There were only two routes from Bagram to Kabul. The Salang Wat is a road that runs from Northern Afghanistan to Kabul. The terrain along this road is very close, and advantageous for conducting ambushes – the road is still littered with the burned out hulks of Soviet armored vehicles that were destroyed by the Mujahideen in the 1980s. In order to reduce their losses, the Soviets built a road through more open terrain east of the Salang Wat called the Kabul-Bagram Airport Road, or the “Russian Road.” Both roads traverse the Shomali Plain north of Kabul. This was an area that was once very fertile, but had suffered from the war with the Soviets and drought.
To get to the Russian Road, you drive west out of Bagram Air Base, through the village of Bagram, and take the first left turn after leaving the village. After traveling approximately 1.5 miles, the road crosses the Kalakan River. In late November or early December of 2001, a U.S. Special Forces team supporting the Northern Alliance destroyed the bridge across the Kalakan with a Joint Direct Attack Munition (JDAM). This is a conventional bomb with a GPS package attached that converts it to a precision guided munition. I regularly traveled this route in an unarmored Toyota Hilux pick-up truck. Traveling south toward Kabul, there was a marsh on the left and a hasty fording site on the right. I forded the river with the Hilux every time I used this route. This is where the decoy story begins.

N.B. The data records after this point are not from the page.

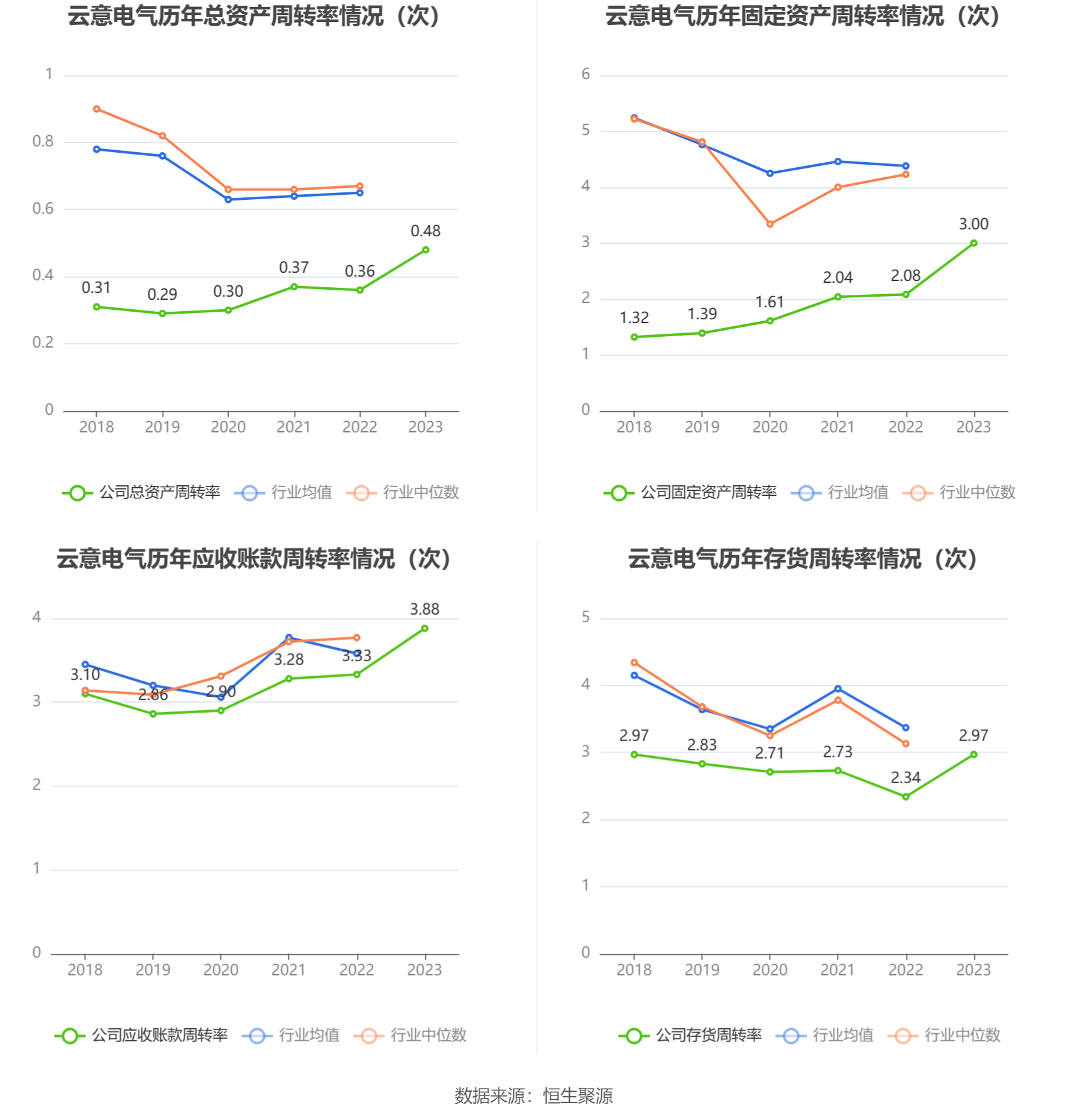 营运能力方面,2023年,公司公司总资产周转率为0.48次,上年同期为0.36次(2022年行业平均值为0.65次,公司位居同行业25/29);固定资产周转率为3.00次,上年同期为2.08次(2022年行业平均值为4.38次,公司位居同行业25/29);公司应收账款周转率、存货周转率分别为3.88次、2.97次。
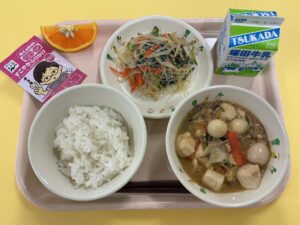 ・ご飯 ・ふりかけ(おかか) ・うずら卵入り豆腐の中華煮 ・中華サラダ ・国産オレンジ ・牛乳
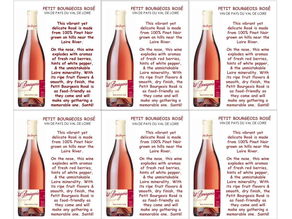 PETIT BOURGEOIS ROS É. PETIT BOURGEOIS ROS É. PETIT BOURGEOIS ROS É. VIN DE PAYS DU VAL DE LOIRE. VIN DE PAYS DU VAL DE LOIRE. VIN DE PAYS DU VAL DE LOIRE. This vibrant yet delicate Rosé is made from 100% Pinot Noir grown on hills near the Loire River.
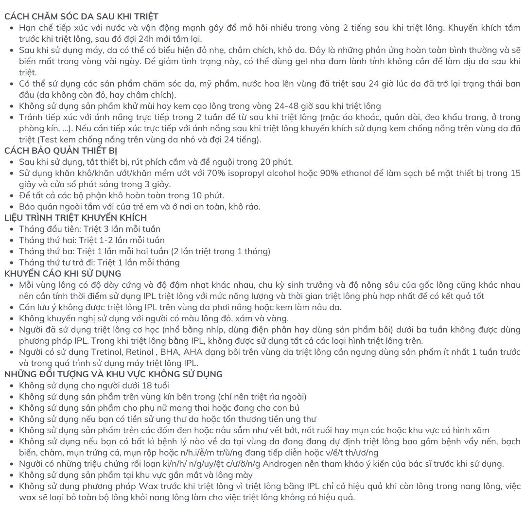 - 4 Chế độ triệt & 5 Cường độ ánh sáng: Có thể điều chỉnh phù hợp với mọi loại da
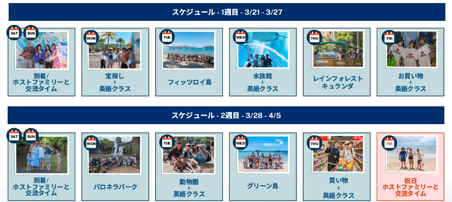 ケアンズ・春休みジュニアキャンププログラム代金

In late January 2002, I was returning from Kabul just before dark. I forded the river and as I came up on the road, I spotted a group of men in the distance walking from the marsh with guns. I quickly recognized that they were returning from a hunt and stopped the vehicle. The group was composed of two men and a teenage boy. The men were using single shot Russian Baikal shotguns, and the boy carried a stringer of green wing teal. They were very friendly. I engaged them through my interpreter, Mr. Amiri, and congratulated them on a successful hunt. As I looked out on the marsh, I could see they were using some sort of decoys. I told the group that I was a waterfowl hunter, and was interested in their decoys. I had a Meal Ready to Eat (MRE) in the truck, and told the boy I would give him the meal and five U.S. dollars if he’d get me a couple of the decoys. He quickly agreed, and the rest is history.
These blocks are crudely fashioned with hand-chopped bodies, and root heads. The bodies and heads have been heated over a fire and exhibit char from it. They are similar to field decoys in that they are supported with a stick stuck into the mud that’s inserted into a hole in the bottom. Although these decoys are very crude, they did the job as evidenced by the stringer of teal. I was also able to secure a couple of decoys fashioned from Styrofoam that I donated to the Havre de Grace Decoy Museum upon my return.
Kevin Peel
is a retired United States Army officer and combat veteran of Afghanistan and Iraq. 37 years of combined military and civilian service to the United States Army and still going.